Picking Cotton Is Not Racist
Only a racist would claim that it is
According to the Merriam-Webster Dictionary, the term ‘cotton-picking’ has been used as an intensifier since at least 1917. The entry also lists the word as “damned” due to its supposed racial connotations, but this is a modern projection on the past, because slavery had disappeared for two generations. By the time people said ‘cotton-picking’, two-thirds of sharecroppers were white. Old white people in the south still remember their cotton-picking family members.
Spare me your commentary on the Civil War and slavery, please, because sharecropping was a form of economic bondage that applied to blacks and whites in proportion to their share of the southern population for decades after it.
In T.S. Stribling’s The Forge (1931), which is set in north Alabama during and after the Civil War, Miltiades Vaiden and his sister harvest $2,000 worth of cotton themselves because no labor, free or slave, is available.
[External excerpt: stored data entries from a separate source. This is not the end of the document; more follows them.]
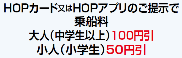 3種類いずれかのHOPカード又はHOPアプリのご提示で優待が受けられます。
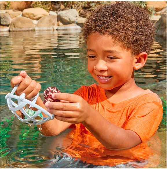 A tengeralattjáró három eszközt tartalmaz: egy víz alatti nézőt, egy vízszívót és permetezőt, valamint egy szűrőhálót. Kukucskálj a hullámok alá a víz alatti nézővel. Használd a vízpermetezőt a víz felszívásához és permetezéséhez, hogy tiszta vízben játssz. A gyerekek összegyűjthetik és felfedezhetik az összes kincset, amit a szűrőhálóval találnak.
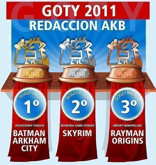 Por desgracia, solo he podido disfrutar del Batman Arkham City, al que estoy jugando ahora y cada vez me impresiona más. Lo que si me sorprende es la posición de Rayman Origins, ya que sabia que era toda una sorpresa pero no me esperaba que hasta ese punto. Skyrim tenía que estar en el podium sí o sí, ojala pueda embarcarme pronto en su mundo.

Stribling based his book on a real family; the Scruggs & Vaden cotton gin still exists in Lauderdale County, though it is completely modern.
Despite many patents issued from the 1850s on, no one could produce a practical machine at scale to replace hand-picking of cotton until the 1940s. International Harvester was the first to do this. Even though the first fully-mechanized cotton field was in Clarksdale, Mississippi, the south was slower to adopt mechanized cotton picking than California, which passed the 50% mechanical tipping point in 1951. Hand-picking was not fully replaced in the south until the end of the 1960s.
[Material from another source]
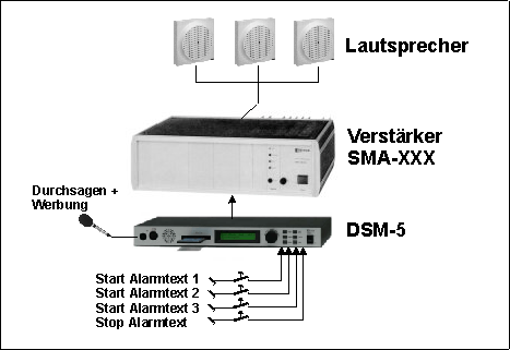 | Wiedergabe von Werbetexten Wiedergabe von Alarmtexten in Notfällen | |

‘Cotton-picking’ was a thing that poor white people did for almost a century and the phrase was always part of southern life. It was not exclusively or primarily used as a racial epithet, and it never referred to slavery. Rather, the ‘racial undertone’ only exists today in the minds of the recipients who want to hear it as racist.
Such people take umbrage because they wish to feel offended, not because the phrase was ever offensive. No one gets to skip over the parts of history that fail to conform to their priors. This is as true for the postwar sharecropping period as it is for the antebellum south.
So the reader will excuse me if I refuse to join in the tumult of stupidity over Rep. Jen Kiggans of Virginia agreeing with a radio show host that Democratic Rep. Hakim Jeffries should get his “cotton-picking hands off Virginia”. The NAACP is demanding that Kiggans apologize for saying “That’s right. Ditto” in response.
This is yet another fake affront from race-baiting activists. Kiggans was clearly agreeing with the sentiment that Jeffries should leave Virginia alone. Neither she nor Rich Herrera, who is Mexican-American, meant ‘cotton-picking’ as a racist epithet any more than Bugs Bunny did.
Rev. Cozy Bailey, President of the NAACP Virginia State Conference, made it very clear in his statement that politics are the actual purpose of the contrived backlash. Virginia Democrats broke the laws of the commonwealth to pass a redistricting plan that the state supreme court predictably overturned.
Bailey complained that “a large percentage” of the ‘Yes’ voters “are people of color, particularly Black people. And so we are very sensitive in this moment to anything that continues to be oppressive or suppressive to our thoughts.”
Translation: I am being overly-sensitive and feigning oppression because I am actually mad about something else. Literally no one is oppressing or suppressing Bailey’s thoughts, or Jeffries’s thoughts, or anyone else’s thoughts with the phrase ‘cotton-picking’. On the contrary, it is Bailey who wishes to oppress and suppress the spoken thoughts of other people.
Kiggans gave a statement to WDBJ7’s sister station in Richmond, WTVR, agreeing that Herreira “never should have used that language, and of course that’s not the sentiment I was agreeing to.” This was not good enough for Bailey, and we can hope Kiggans will ignore calls for further apologies, because America is exhausted with political actors playing the race card on the flimsiest of pretexts. Cotton is not racist. It is a plant. Picking cotton is not racist. It is agriculture.



Excellent read. Johnny Cash spoke about picking cotton as a child and how, as an adult, he always had sympathy for those he met whose hands were covered in the scars of a cotton picker as his were. A tough life for poorest of the poor. Curiously, when I was growing up, we always used cotton pickin' to talk about something good, like that cherry pie was cotton pickin' good.